Exercise goal
I'd like the entries repeated exactly, pictures omitted.

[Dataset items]

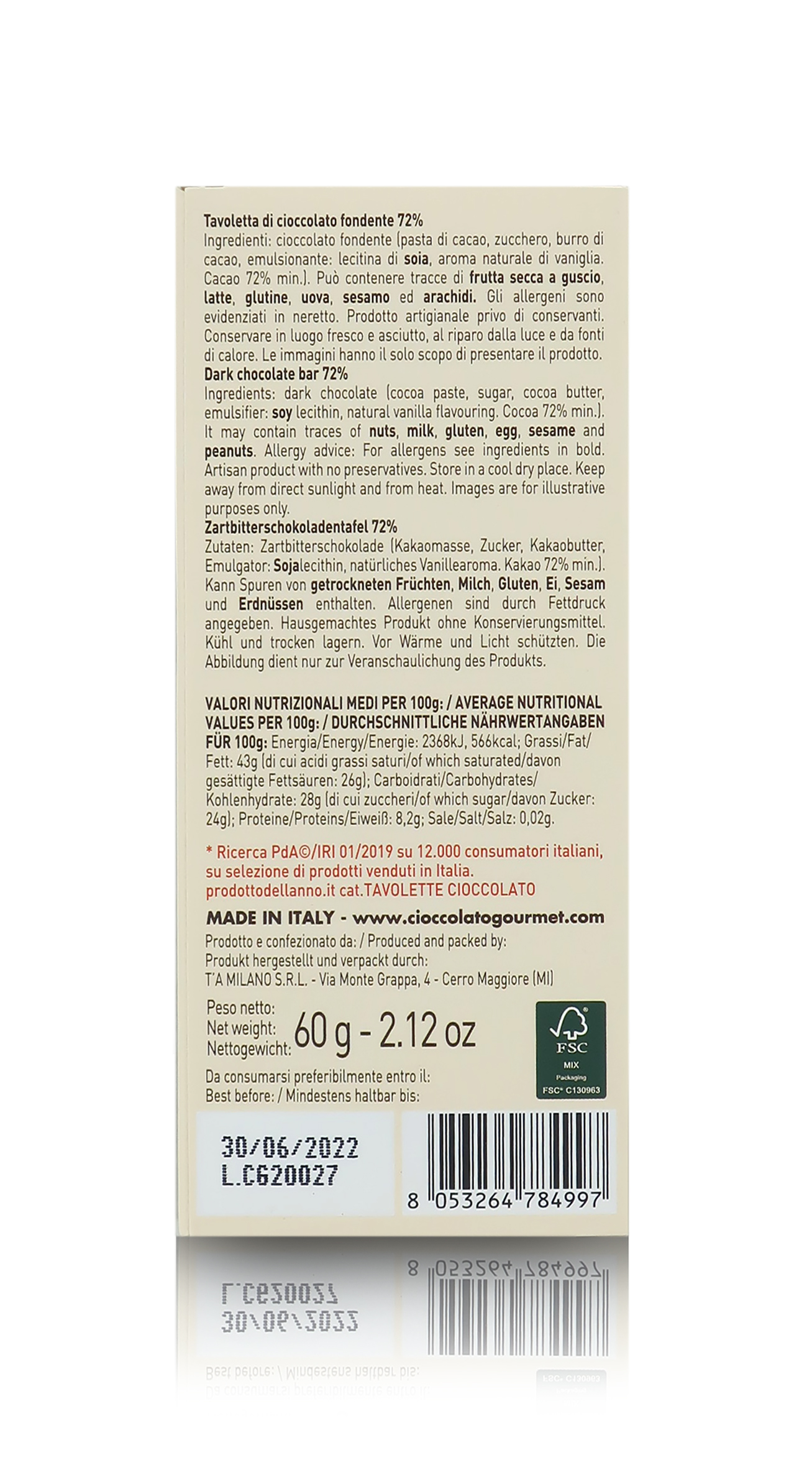 La classicità del cioccolato fondente 72% in formato tavoletta da 60g: un cacao aromatico dal sapore intenso e persistente.
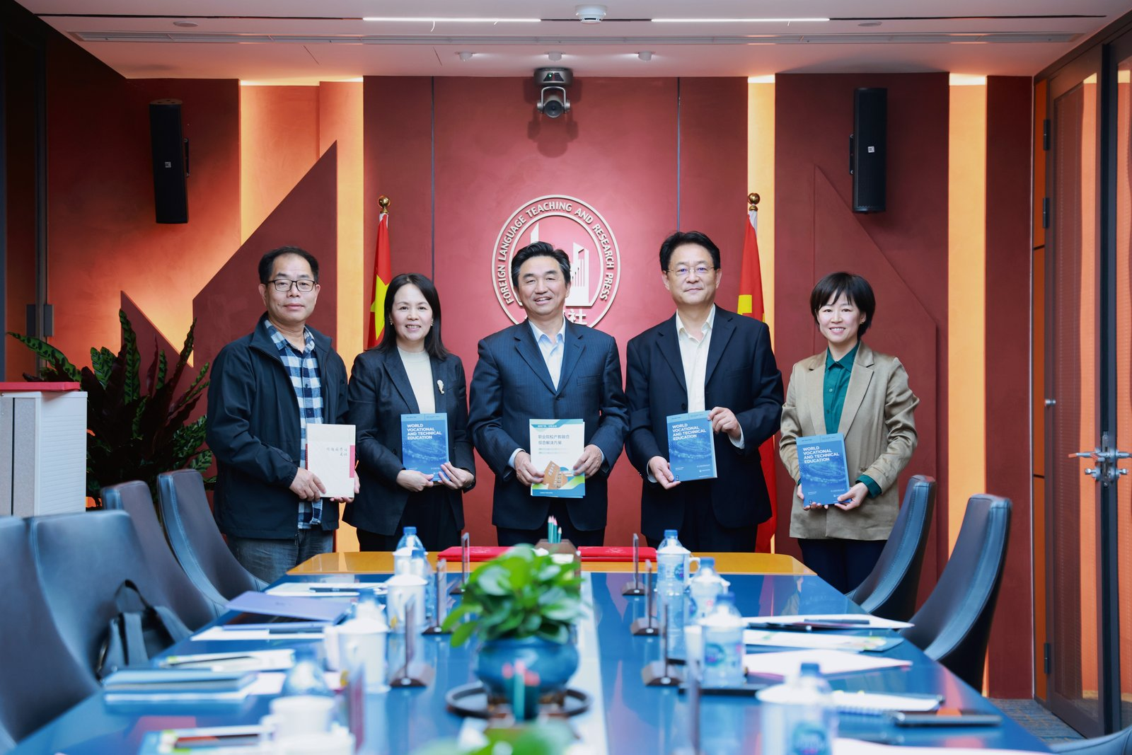 在交流环节,双方参会人员围绕职业教育国际化、校企协同产教融合、共建课程与师资培训平台、推动学生实训就业与行业需求对接等议题展开热烈讨论,就合作细节深入交换了意见。在与会人员的共同见证下,双方共同签署了校企合作协议,并向学院赠送了由外研社出版的《世界职业技术教育》期刊和“列国纪行”系列丛书等精品出版物。
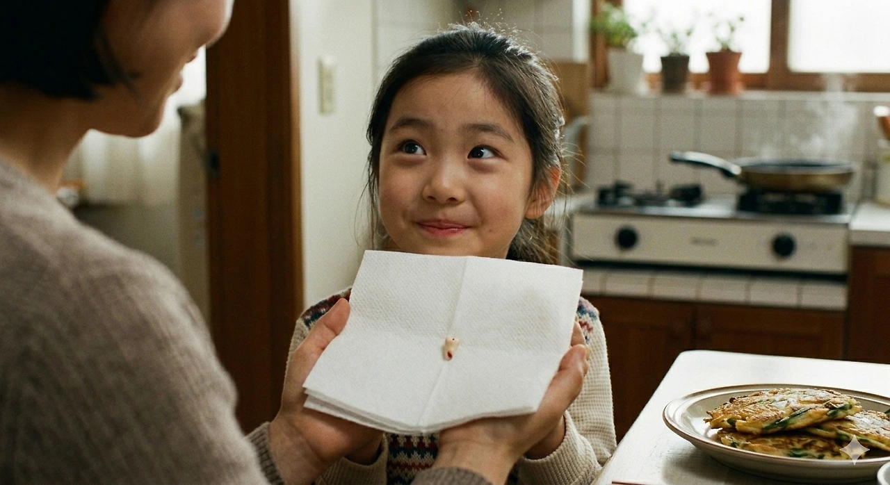 하얀 휴지가 빨갛게 물드는 걸 보니 속이 다 시원했다. 이제 쫀드기를 마음껏 먹어도 된다는 생각에 어깨가 으쓱해졌다. 선생님은 휴지에 감싼 치아를 보물처럼 내 손에 쥐여주셨다. 나는 그걸 날름 받고는 다시 우리 집으로 뛰어 올라갔다.
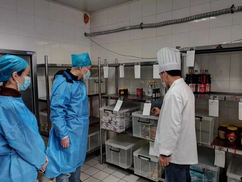 3月31日,施广益、宋秋明以及食品安全员一同检查了食堂。他们对食堂的环境卫生、个人卫生、加工场地、库房管理、记录台账、体温监测等情况进行了全面、细致地检查。重点检查了从业人员健康证、进货查验等台账、仓库管理、食堂人员操作过程等,并要求根据当天发现的问题即时整改并记录。
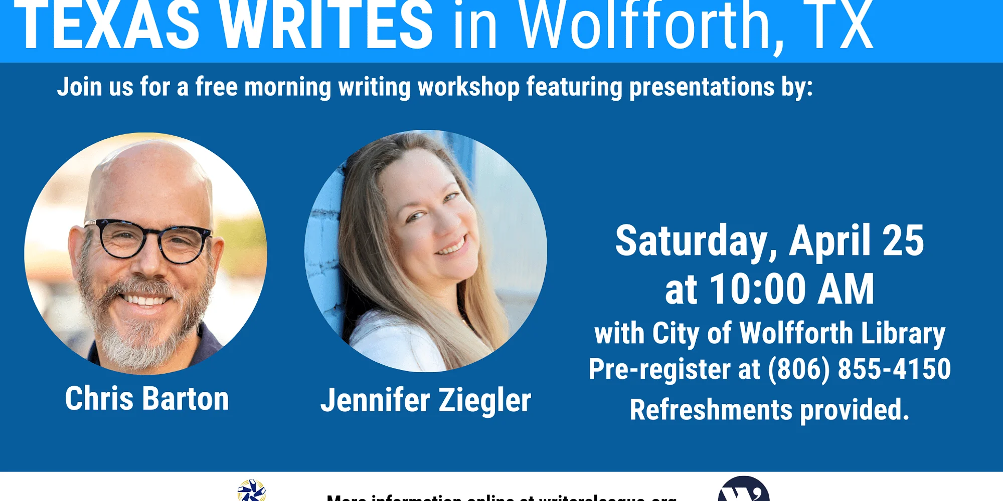 Texas Writes is a statewide program that brings accomplished authors to rural libraries for a half day of presentations and panel discussions focused on the craft of writing. This month, our Wolfforth, TX, program will feature Chris Barton presenting “A Writer’s Guide to Research” and Jennifer Ziegler presenting “The World of Your Character”. We’ll start at 10:00 AM CDT with our presentations and we’ll conclude with a conversation with both authors, moderated by Texas Writes Coordinator Becka Oliver. We hope to see you there! Each event is free and open to the public. Refreshments are provided. To pre-register for this event, contact the library at (806) 855-4150.
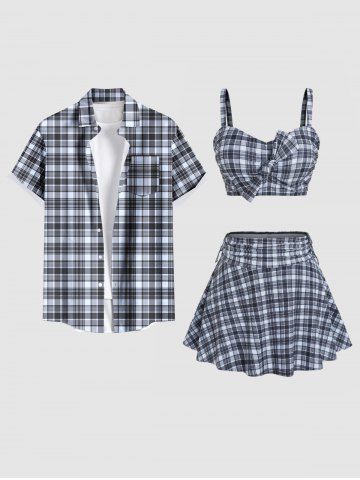 Short Sleeves Shirts > Plus Size Plaid Print Buttons Pocket Shirt For Men
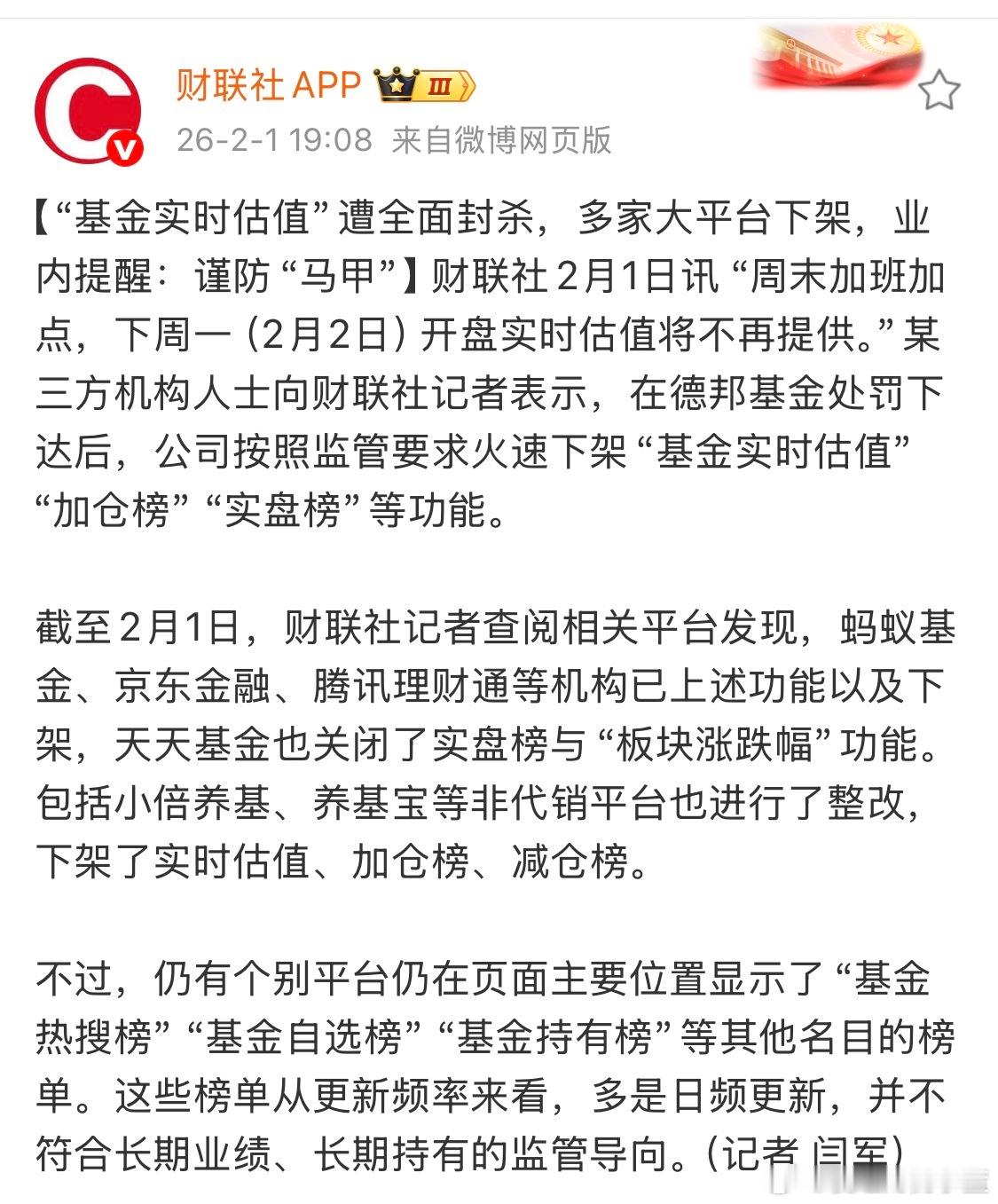 监管突然出手基金净值估算功能下架,周末全网看到一片骂声,为什么要关闭这个功能?2
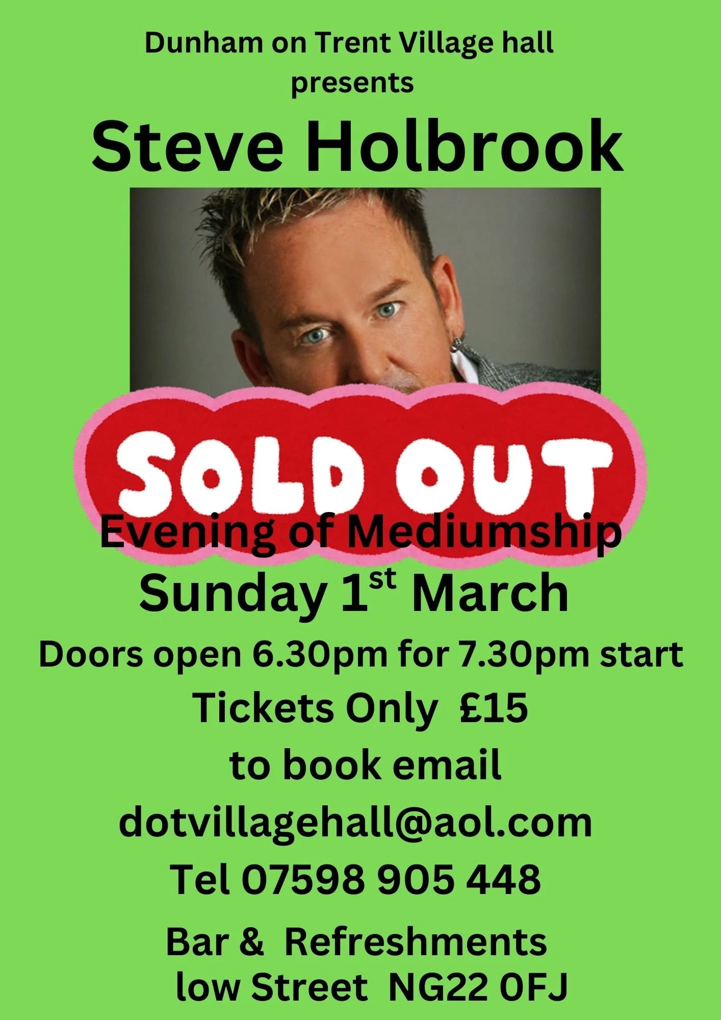 Tickets selling for £15 by contacting 07598 905448 or dotvillagehall@aol.com
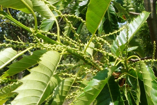 Cada árvore desenvolve flores masculinas e femininas, surgindo estas um mês mais tarde.
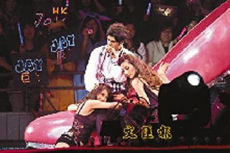 據(jù)香港文匯報(bào)報(bào)道,“周杰倫2007世界巡回演唱會(huì)”香港站的七場演出已于前晚大功告成,周杰倫獻(xiàn)唱《夜曲》時(shí),名模姚書軼和另一性感舞蹈員從旁伴舞,她們不停做出誘惑動(dòng)作,不僅掃摸他身體,更甚是伸手在周杰倫的大腿內(nèi)側(cè)位置掃過去,差點(diǎn)觸及周杰倫重要部位,周杰倫被嚇得用手撥開對方。最搞笑是立刻以手掩護(hù)住下,可能周杰倫給熱情的女伴舞者所帶動(dòng),隨之開放起來,當(dāng)女伴舞者把頭躺在周杰倫的大腿時(shí),他索性把對方的頭按下,差點(diǎn)觸碰到下體,令現(xiàn)場觀眾叫囂不絕。
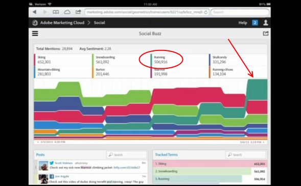 ウィリグ氏は「Adobe Social」のレポートを確認し、TwitterやFacebookで何が話題に上っているのかをチェックし、今回デモのストーリーの対象である「ランニング」の話題が急増していることを把握した。さらに、YouTubeで「テラフィット」に関する動画がよく観られ、コメントも活発に投稿されていることもわかった。

Response area
 La classicità del cioccolato fondente 72% in formato tavoletta da 60g: un cacao aromatico dal sapore intenso e persistente.
 在交流环节,双方参会人员围绕职业教育国际化、校企协同产教融合、共建课程与师资培训平台、推动学生实训就业与行业需求对接等议题展开热烈讨论,就合作细节深入交换了意见。在与会人员的共同见证下,双方共同签署了校企合作协议,并向学院赠送了由外研社出版的《世界职业技术教育》期刊和“列国纪行”系列丛书等精品出版物。
 하얀 휴지가 빨갛게 물드는 걸 보니 속이 다 시원했다. 이제 쫀드기를 마음껏 먹어도 된다는 생각에 어깨가 으쓱해졌다. 선생님은 휴지에 감싼 치아를 보물처럼 내 손에 쥐여주셨다. 나는 그걸 날름 받고는 다시 우리 집으로 뛰어 올라갔다.
 3月31日,施广益、宋秋明以及食品安全员一同检查了食堂。他们对食堂的环境卫生、个人卫生、加工场地、库房管理、记录台账、体温监测等情况进行了全面、细致地检查。重点检查了从业人员健康证、进货查验等台账、仓库管理、食堂人员操作过程等,并要求根据当天发现的问题即时整改并记录。
 Texas Writes is a statewide program that brings accomplished authors to rural libraries for a half day of presentations and panel discussions focused on the craft of writing. This month, our Wolfforth, TX, program will feature Chris Barton presenting “A Writer’s Guide to Research” and Jennifer Ziegler presenting “The World of Your Character”. We’ll start at 10:00 AM CDT with our presentations and we’ll conclude with a conversation with both authors, moderated by Texas Writes Coordinator Becka Oliver. We hope to see you there! Each event is free and open to the public. Refreshments are provided. To pre-register for this event, contact the library at (806) 855-4150.
 Short Sleeves Shirts > Plus Size Plaid Print Buttons Pocket Shirt For Men
 监管突然出手基金净值估算功能下架,周末全网看到一片骂声,为什么要关闭这个功能?2
 Tickets selling for £15 by contacting 07598 905448 or dotvillagehall@aol.com
 Cada árvore desenvolve flores masculinas e femininas, surgindo estas um mês mais tarde.
 據(jù)香港文匯報(bào)報(bào)道,“周杰倫2007世界巡回演唱會(huì)”香港站的七場演出已于前晚大功告成,周杰倫獻(xiàn)唱《夜曲》時(shí),名模姚書軼和另一性感舞蹈員從旁伴舞,她們不停做出誘惑動(dòng)作,不僅掃摸他身體,更甚是伸手在周杰倫的大腿內(nèi)側(cè)位置掃過去,差點(diǎn)觸及周杰倫重要部位,周杰倫被嚇得用手撥開對方。最搞笑是立刻以手掩護(hù)住下,可能周杰倫給熱情的女伴舞者所帶動(dòng),隨之開放起來,當(dāng)女伴舞者把頭躺在周杰倫的大腿時(shí),他索性把對方的頭按下,差點(diǎn)觸碰到下體,令現(xiàn)場觀眾叫囂不絕。
 ウィリグ氏は「Adobe Social」のレポートを確認し、TwitterやFacebookで何が話題に上っているのかをチェックし、今回デモのストーリーの対象である「ランニング」の話題が急増していることを把握した。さらに、YouTubeで「テラフィット」に関する動画がよく観られ、コメントも活発に投稿されていることもわかった。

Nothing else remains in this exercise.